_Dataset section_
········
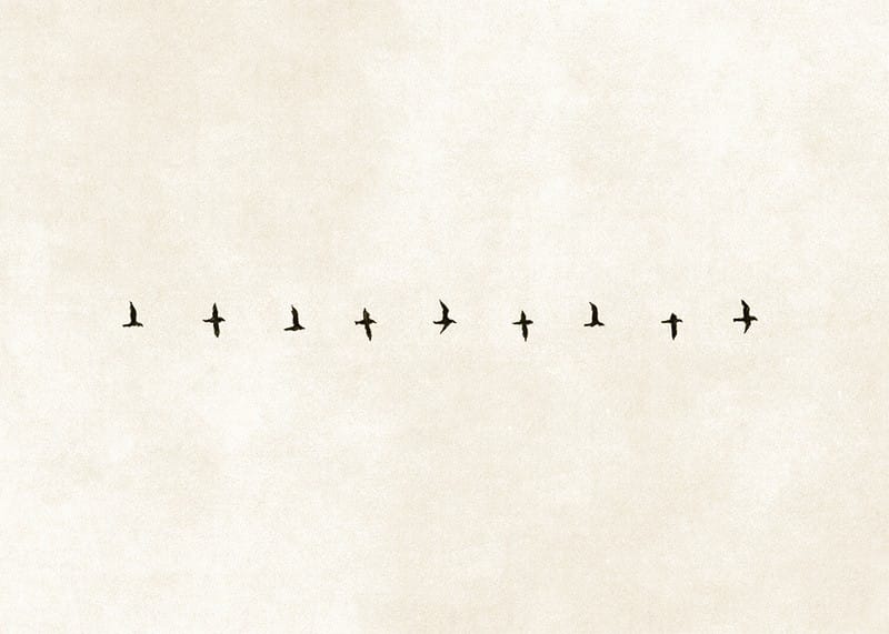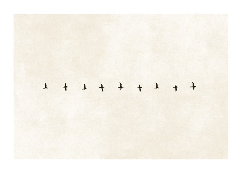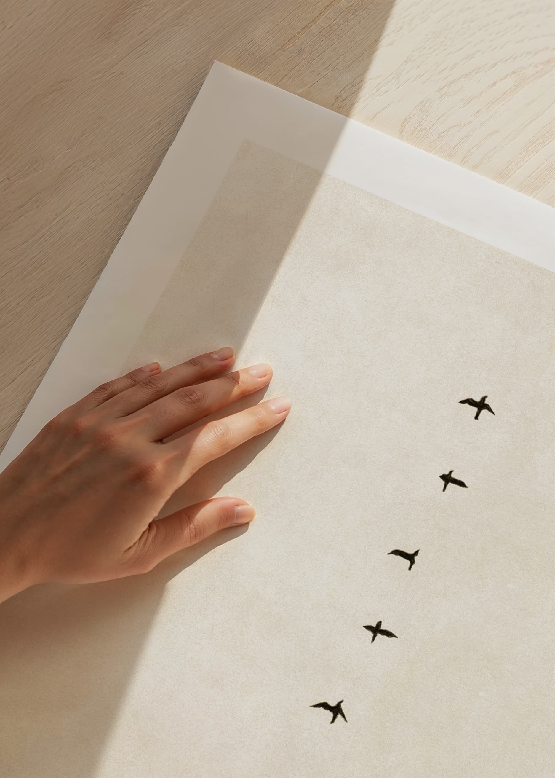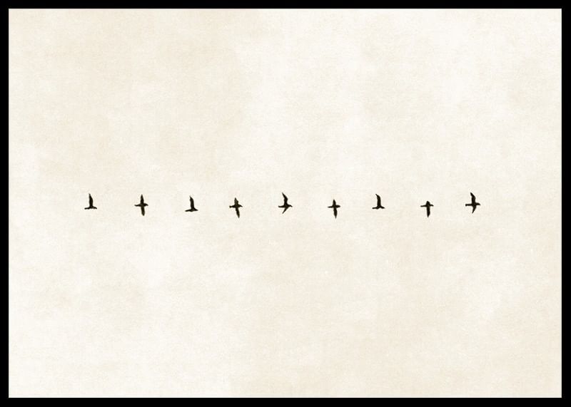 Create a sense of calm and freedom in your home with this minimalist poster. The image shows a simple formation of birds flying across the sky, a symbol of harmony and togetherness. The clean composition and soft tones give a calming effect that is perfect for any room where you want to create a relaxing atmosphere. A reminder of the beauty of nature and the journey of the free spirit.
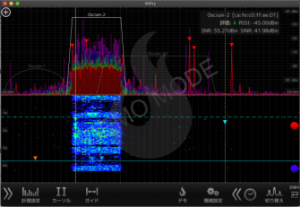 2. 無線周波数ごとの電波強度を表示するスペクトラムグラフ、およびそのスペクトラムグラフを時系列に記録表示するウォーターフォールグラフをサポートしています。
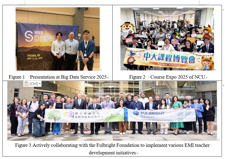 Uedu Leads AI Teaching Innovation Toward New Milestones in International Collaboration: Through the “Uedu” platform, NCU promotes AI-assisted teaching across the university. In 2024, 15 faculty members incorporated it into their teaching practice research projects and completed the development of lesson plans and operation manuals. To date, a total of 487 faculty and students have registered on the platform. NCU also collaborated with seven universities, including NTHU and NYCU, to broaden the impact of AI-assisted teaching in Taiwan, and extended the model to four affiliated high schools (including NCU-affiliated Zhongli Senior High School and NTNU High School). These efforts strengthen K–12 and higher education collaboration by leveraging generative AI and learning analytics to realize data-driven instructional models. In 2025, related research received an award at ICALT and was further showcased at the Big Data Service Conference (Figure 1), opening new international collaboration opportunities.
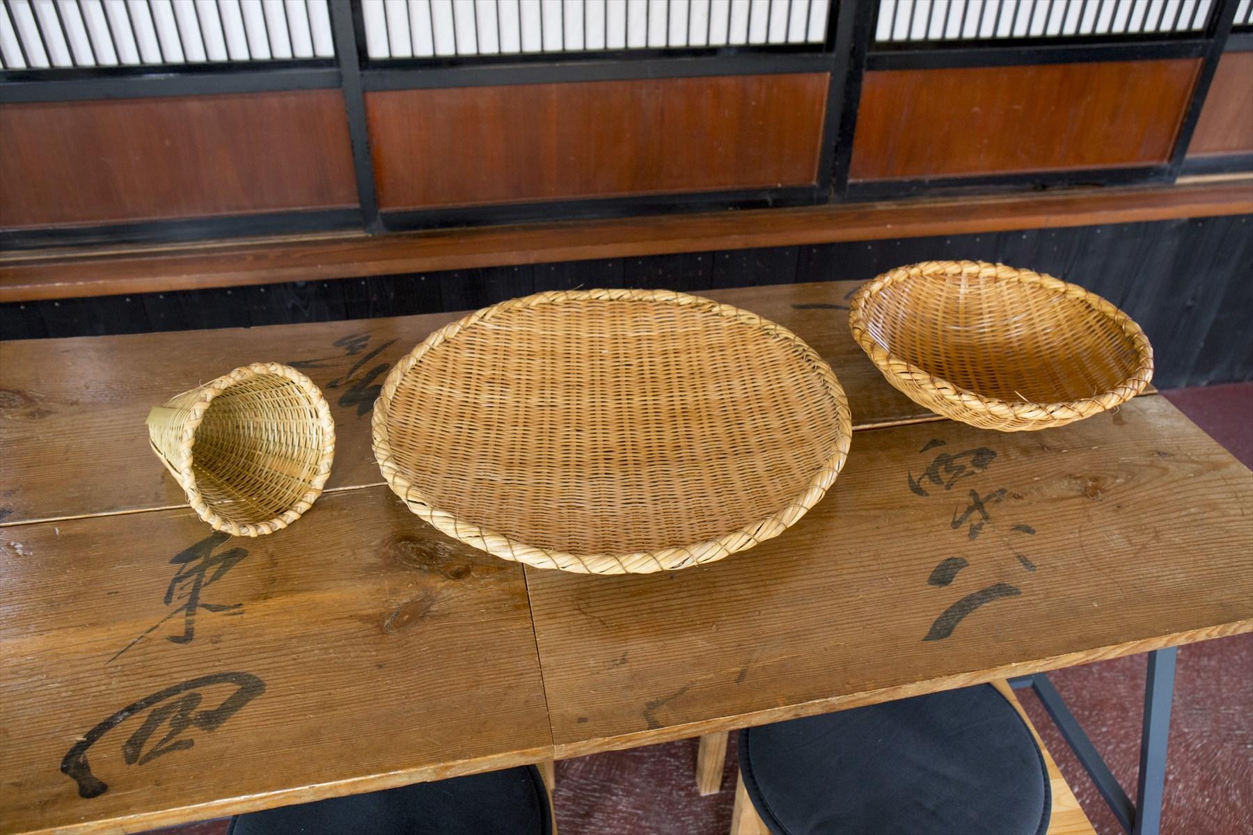 小物をディスプレイする棚は廃校になった小学校のランドセル入れ。もともと畳敷きだった居間の床板をはがして土間にした空間。そこに置かれるテーブルは、この古民家で穀物を納めるために使われていた「せいろ板」で制作。蕎麦をゆでる道具たちもまた、佐渡の職人が地元の竹でつくったものである。
········
_Task details_
Take the listing above and restate it word for word, without its pictures.

_Result of this exercise_
 Create a sense of calm and freedom in your home with this minimalist poster. The image shows a simple formation of birds flying across the sky, a symbol of harmony and togetherness. The clean composition and soft tones give a calming effect that is perfect for any room where you want to create a relaxing atmosphere. A reminder of the beauty of nature and the journey of the free spirit.
 2. 無線周波数ごとの電波強度を表示するスペクトラムグラフ、およびそのスペクトラムグラフを時系列に記録表示するウォーターフォールグラフをサポートしています。
 Uedu Leads AI Teaching Innovation Toward New Milestones in International Collaboration: Through the “Uedu” platform, NCU promotes AI-assisted teaching across the university. In 2024, 15 faculty members incorporated it into their teaching practice research projects and completed the development of lesson plans and operation manuals. To date, a total of 487 faculty and students have registered on the platform. NCU also collaborated with seven universities, including NTHU and NYCU, to broaden the impact of AI-assisted teaching in Taiwan, and extended the model to four affiliated high schools (including NCU-affiliated Zhongli Senior High School and NTNU High School). These efforts strengthen K–12 and higher education collaboration by leveraging generative AI and learning analytics to realize data-driven instructional models. In 2025, related research received an award at ICALT and was further showcased at the Big Data Service Conference (Figure 1), opening new international collaboration opportunities.
 小物をディスプレイする棚は廃校になった小学校のランドセル入れ。もともと畳敷きだった居間の床板をはがして土間にした空間。そこに置かれるテーブルは、この古民家で穀物を納めるために使われていた「せいろ板」で制作。蕎麦をゆでる道具たちもまた、佐渡の職人が地元の竹でつくったものである。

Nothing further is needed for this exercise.